/**************************************************************************
OmegaT - Computer Assisted Translation (CAT) tool
with fuzzy matching, translation memory, keyword search,
glossaries, and translation leveraging into updated projects.
Copyright (C) 2000-2006 Keith Godfrey and Maxym Mykhalchuk
Home page: http://www.omegat.org/
Support center: http://groups.yahoo.com/group/OmegaT/
This file is part of OmegaT.
OmegaT is free software: you can redistribute it and/or modify
it under the terms of the GNU General Public License as published by
the Free Software Foundation, either version 3 of the License, or
(at your option) any later version.
OmegaT is distributed in the hope that it will be useful,
but WITHOUT ANY WARRANTY; without even the implied warranty of
MERCHANTABILITY or FITNESS FOR A PARTICULAR PURPOSE. See the
GNU General Public License for more details.
You should have received a copy of the GNU General Public License
along with this program. If not, see <http://www.gnu.org/licenses/>.

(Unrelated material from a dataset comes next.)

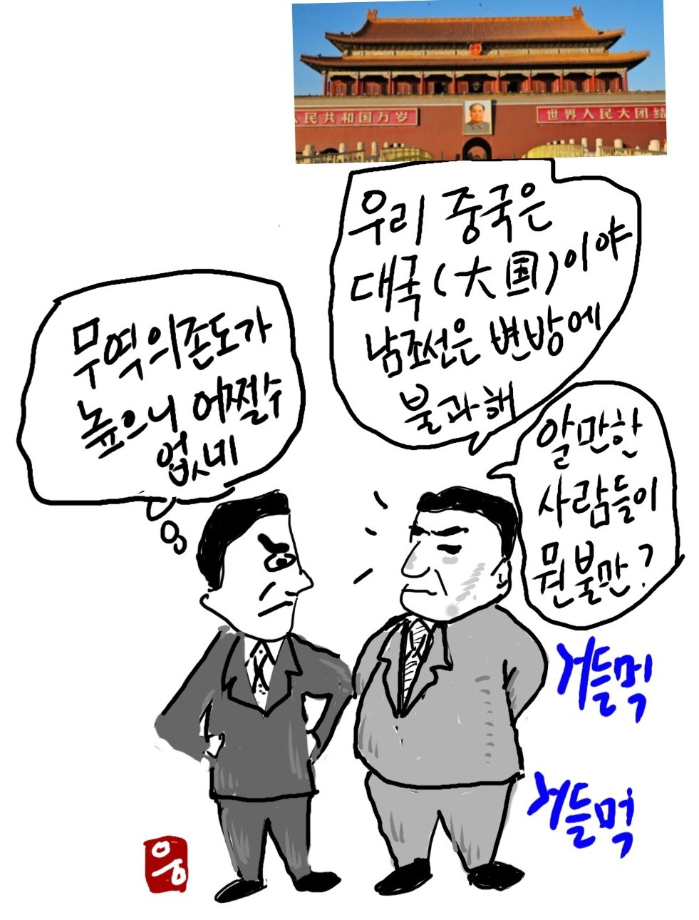14억 인구와 막대한 자원, 트럼프에게 한국이 옛날에 중국의 일부였다고 말하는 시진핑, 국장급 주한 중국 대사가 한국 정치권에 경고하는 모습 등 이런 현실에서도 우리는 중국에 말 한마디 하지 못한다. 일본에는 쌍심지를 켜면서 중국에는 조아린다.

**************************************************************************/
package org.omegat.tokenizer;
import java.text.BreakIterator;
import java.util.LinkedList;
import org.omegat.util.PatternConsts;
/**
* BreakIterator for word-breaks with OmegaT heuristics, based on an instance of
* BreakIterator implementing word breaks.
*
* @see java.text.BreakIterator#getWordInstance
* @author Maxym Mykhalchuk
*/
public class WordIterator extends BreakIterator {
BreakIterator breaker;
String text;
/** Creates a new instance of OmegaT's own word BreakIterator */
public WordIterator() {
breaker = BreakIterator.getWordInstance();
}
/**
* Set a new text string to be scanned. The current scan position is reset
* to first().
*
* @param newText
* new text to scan.
*/
public void setText(String newText) {
text = newText;
breaker.setText(newText);
nextItems.clear();
}
/**
* Return the first boundary. The iterator's current position is set to the
* first boundary.
*
* @return The character index of the first text boundary.
*/
public int first() {
return breaker.first();
}
/**
* Return character index of the text boundary that was most recently
* returned by next(), previous(), first(), or last()
*
* @return The boundary most recently returned.
*/
public int current() {
return breaker.current();
}
LinkedList<Integer> nextItems = new LinkedList<Integer>();
/**
* Return the boundary of the word following the current boundary.
* <p>
* Note: This iterator skips OmegaT-specific tags, and groups
* [text-]mnemonics-text into a single token.
*
* @return The character index of the next text boundary or DONE if all
* boundaries have been returned. Equivalent to next(1).
*/
public int next() {
if (!nextItems.isEmpty()) {
return nextItems.removeFirst();
}
int curr = current();
int next = breaker.next();
if (DONE == next) {
return DONE;
}
String str = text.substring(curr, next);
// grouping OmegaT tags
if (str.equals("<")) {
int next2 = breaker.next();
if (DONE == next2) {
return next;
}
int next3 = breaker.next();
if (DONE == next3) {
nextItems.add(next2);
return next;
}
// there're at least two maybe-words after "<"
String str2 = text.substring(next, next2);
String str3 = text.substring(next2, next3);
if (str2.equals("/")) {
// maybe closing tag
if (!PatternConsts.OMEGAT_TAG_ONLY.matcher(str3).matches()) {
// rewind back two times
breaker.previous();
breaker.previous();
return next;
}
int next4 = breaker.next();
if (DONE == next4) {
nextItems.add(next2);
nextItems.add(next3);
return next;
}
// there're at least three maybe-words after "<"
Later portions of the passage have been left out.